In summary, the main steps in the teaching-learning process as training strategies for the professional practice unit, thereby forming the learning cycle, were:

. Performing task and activities6 in real situations of professional practice (comparison of experiences). These comparisons with each situation require dialogue and interaction with the situation, and in this manner, students will go on extracting from the contexts and providing interventions in them. These activities allow the subjects (students/teachers) and the purpose (care) to be constructed and reconstructed during the process: the subjects will become aware of their professional roles and roles as citizens in the world.

. Drawing up an initial (provisional) synthesis of discussions conducted through reflection on situations experienced in relation to practice, considering both the students' previous capabilities from a psychological, cognitive and affective point of view and their dynamic capabilities of a sociocultural nature. From this, knowledge gaps can be identified and new learning questions can be raised. This moment of reflection takes place in small groups, in which the teacher takes on the role of mediator for the construction of knowledge, thus making this a true exercise in shared reflection. The beginnings of self-implication of the subjects with themselves and with others are found here, thereby finding and revealing individuals: becoming aware of their capacities and knowing their own learning process.

. Identification of sources and research for analysis, and gathering of information that is coherent with the emerging questions. This is an individual moment for knowledge construction. In this individualized learning process, it is seen that the subjects respect their own singular ways of learning, according to their pace and style of learning, i.e. this is done through taking into account the principle of personhood.

. Drawing up a new synthesis that goes into greater conceptual, scientific and methodological depth based on individual investigation and structuring of the learning questions. As with the provisional synthesis, this takes place in small groups. Knowledge is constructed collectively, to the extent that the subjects (teachers and students) interact and seek support towards going more deeply into a question or query, in order to construct knowledge. Thus, there is a multiplier effect from the diversity of perspectives and contributions.

At the end of each meeting of the small groups, some time was dedicated to systematized assessment of the training. This was a moment for assessing the learning process in which students made self-assessments and assessments of their peers and teachers. At the same time, and in the same way, the teachers made self-assessments and assessments of their students. These training assessments were of qualitative nature and were done continuously and interactively. They allowed both sides to be aware and diagnose the learning situation, thus leading to reorientation of the process of constructing knowledge for each of the individuals involved.

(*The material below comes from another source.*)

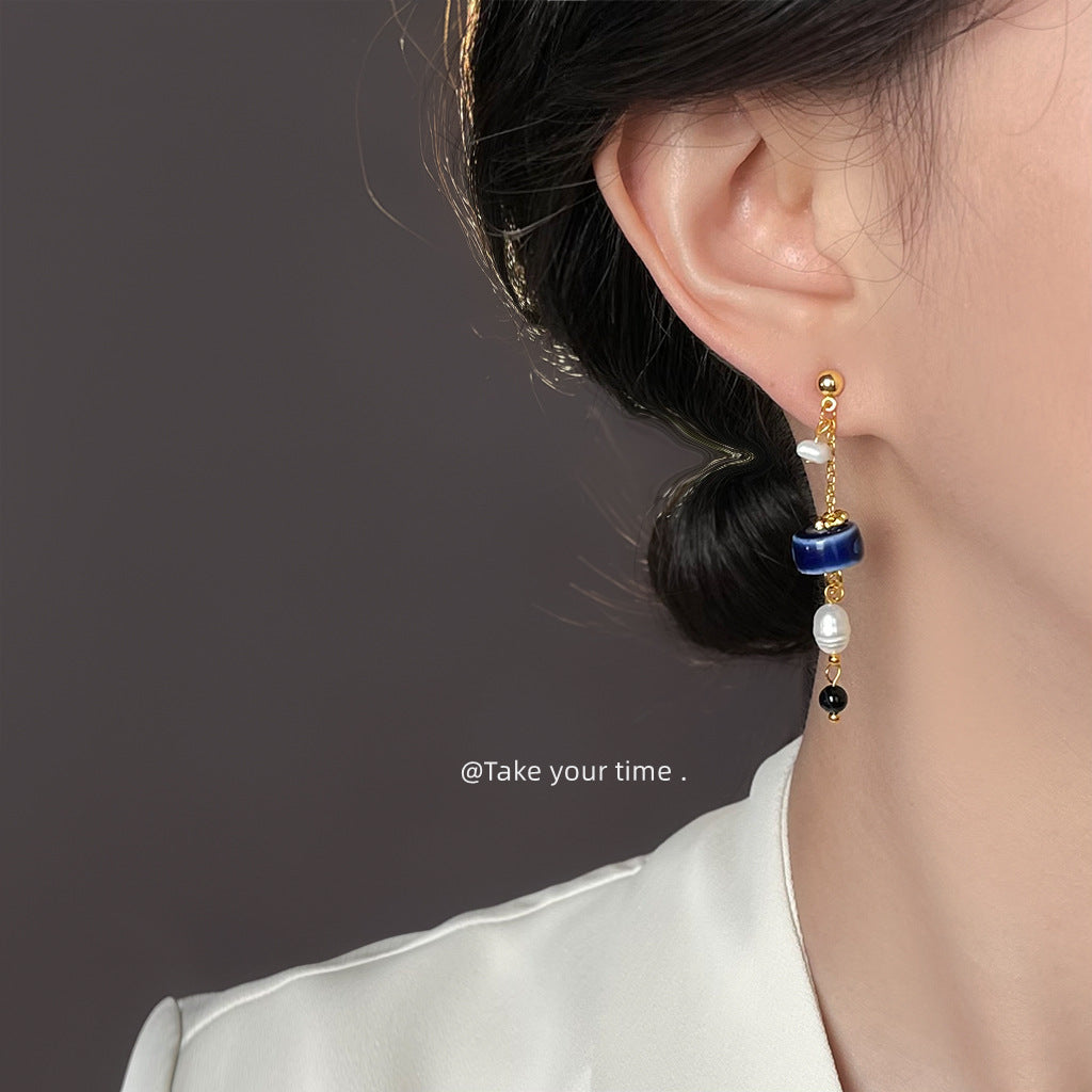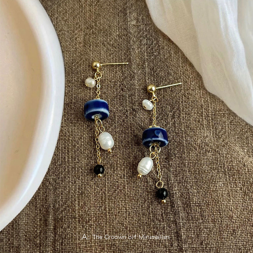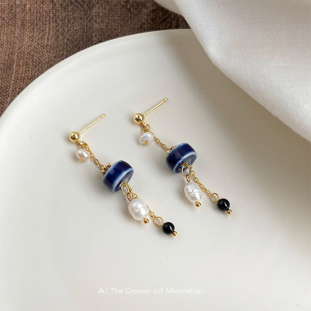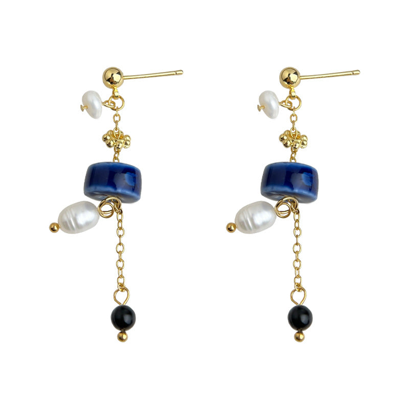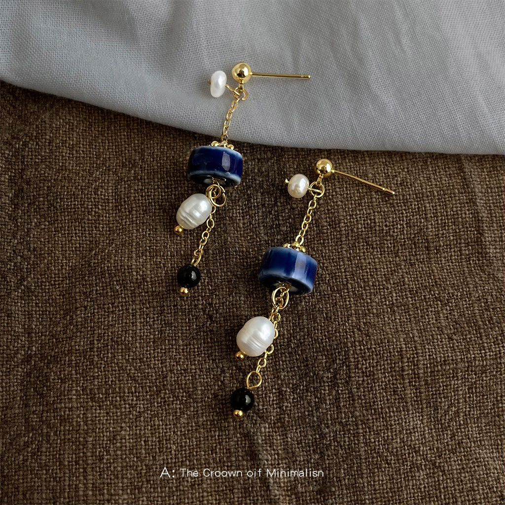 C廠【6568】天然淡水珍珠陶瓷手工耳環原創設計文藝復古民族風國潮耳飾女 25.08-3

The third strategy was to use reflective portfolios. In this, through narrative discourse, the students recorded their reflections relating to the main points of the learning cycle. The portfolio was shared with the teacher, who gave feedback and enriched the training dimension with new information and new perspectives.

According to Sá-Chaves (2000a), this communication (which constitutes the essence of the training relationship between the teacher and each student) provided continuous support of cognitive, affective and personal nature in the professional training and development processes. In their personal narratives, students were also stimulated to undertake a reflective process in relation to their own process of knowledge construction, through questioning that was kept open with their teachers. This strategy sustained the principles of constructing reflective, participative and contextualized professionalism.

The whole process of knowledge construction was systematically mediated and enriched by the teachers: in individual contacts between students and teachers, when the students were being monitored in their practice; in the small-group learning sessions; and in the progressive construction of the reflective portfolio.

Thus, teachers had a distinct and complex role in this training, in that they continually stimulated reflection by means of questioning that they brought into the reflective process, i.e. by putting forward questions that aroused deepening of students' reflective thinking, with an implied need to seek specific information corresponding to their processes of knowledge construction.

 

The reflective portfolio strategy for training

As mentioned earlier, in the case of training in the medicine and nursing course, and specifically in the professional practice unit, the portfolio was used as a strategy for boosting systematized and systematic reflections on the practices developed.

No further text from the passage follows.